WHAT THIS TASK INVOLVES:
Return all of the data that follows precisely, leaving every image out.

───── DATA EXTRACT

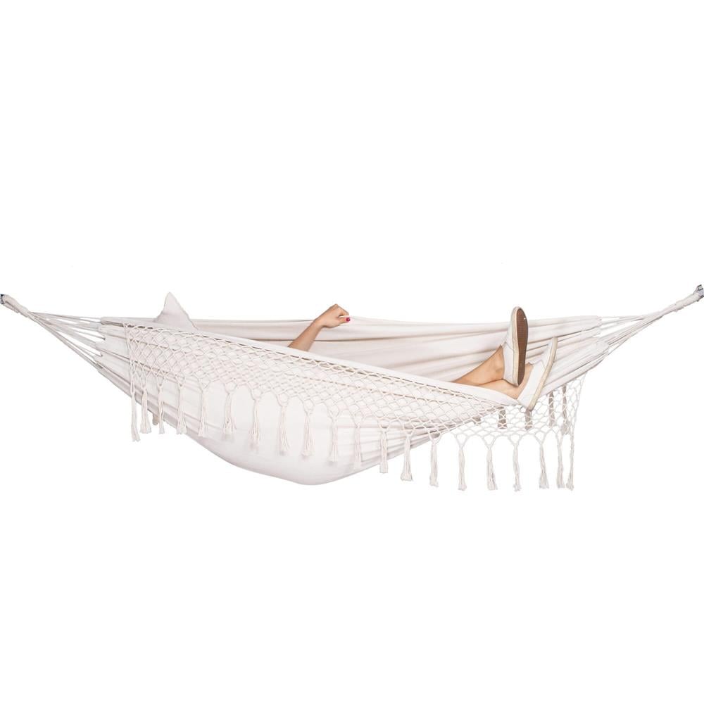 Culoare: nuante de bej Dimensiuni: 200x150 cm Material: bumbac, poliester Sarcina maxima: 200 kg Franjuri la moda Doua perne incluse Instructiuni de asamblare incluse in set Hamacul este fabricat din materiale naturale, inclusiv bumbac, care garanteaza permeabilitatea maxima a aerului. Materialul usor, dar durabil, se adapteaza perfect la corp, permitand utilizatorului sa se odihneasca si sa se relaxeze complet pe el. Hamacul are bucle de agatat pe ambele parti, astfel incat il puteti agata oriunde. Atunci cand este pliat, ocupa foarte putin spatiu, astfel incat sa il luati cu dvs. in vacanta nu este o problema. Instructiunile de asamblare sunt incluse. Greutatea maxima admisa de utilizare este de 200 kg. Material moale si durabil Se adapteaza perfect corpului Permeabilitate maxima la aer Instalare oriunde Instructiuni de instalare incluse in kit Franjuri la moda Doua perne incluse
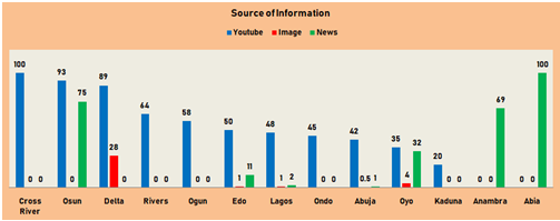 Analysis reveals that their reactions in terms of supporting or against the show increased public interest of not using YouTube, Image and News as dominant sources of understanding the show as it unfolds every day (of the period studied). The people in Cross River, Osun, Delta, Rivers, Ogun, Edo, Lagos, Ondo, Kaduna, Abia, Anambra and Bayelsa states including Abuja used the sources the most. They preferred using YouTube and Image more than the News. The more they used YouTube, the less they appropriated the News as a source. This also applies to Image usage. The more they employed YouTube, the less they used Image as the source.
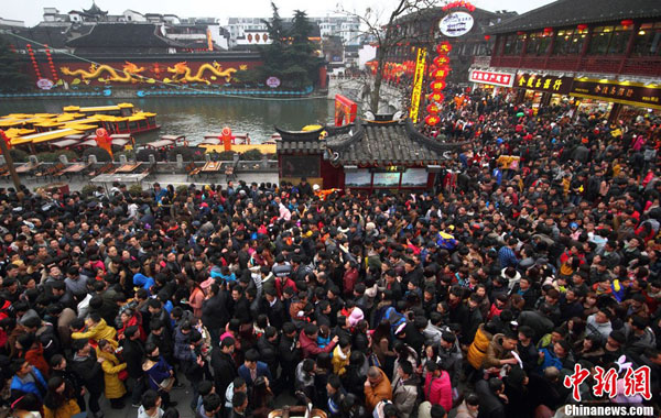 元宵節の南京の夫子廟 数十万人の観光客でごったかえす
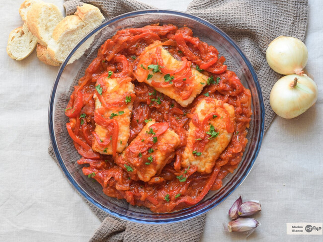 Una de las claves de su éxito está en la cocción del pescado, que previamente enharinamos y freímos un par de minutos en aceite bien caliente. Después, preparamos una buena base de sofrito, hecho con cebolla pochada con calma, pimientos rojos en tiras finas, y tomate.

──────────

TASK OUTPUT:
 Culoare: nuante de bej Dimensiuni: 200x150 cm Material: bumbac, poliester Sarcina maxima: 200 kg Franjuri la moda Doua perne incluse Instructiuni de asamblare incluse in set Hamacul este fabricat din materiale naturale, inclusiv bumbac, care garanteaza permeabilitatea maxima a aerului. Materialul usor, dar durabil, se adapteaza perfect la corp, permitand utilizatorului sa se odihneasca si sa se relaxeze complet pe el. Hamacul are bucle de agatat pe ambele parti, astfel incat il puteti agata oriunde. Atunci cand este pliat, ocupa foarte putin spatiu, astfel incat sa il luati cu dvs. in vacanta nu este o problema. Instructiunile de asamblare sunt incluse. Greutatea maxima admisa de utilizare este de 200 kg. Material moale si durabil Se adapteaza perfect corpului Permeabilitate maxima la aer Instalare oriunde Instructiuni de instalare incluse in kit Franjuri la moda Doua perne incluse
 Analysis reveals that their reactions in terms of supporting or against the show increased public interest of not using YouTube, Image and News as dominant sources of understanding the show as it unfolds every day (of the period studied). The people in Cross River, Osun, Delta, Rivers, Ogun, Edo, Lagos, Ondo, Kaduna, Abia, Anambra and Bayelsa states including Abuja used the sources the most. They preferred using YouTube and Image more than the News. The more they used YouTube, the less they appropriated the News as a source. This also applies to Image usage. The more they employed YouTube, the less they used Image as the source.
 元宵節の南京の夫子廟 数十万人の観光客でごったかえす
 Una de las claves de su éxito está en la cocción del pescado, que previamente enharinamos y freímos un par de minutos en aceite bien caliente. Después, preparamos una buena base de sofrito, hecho con cebolla pochada con calma, pimientos rojos en tiras finas, y tomate.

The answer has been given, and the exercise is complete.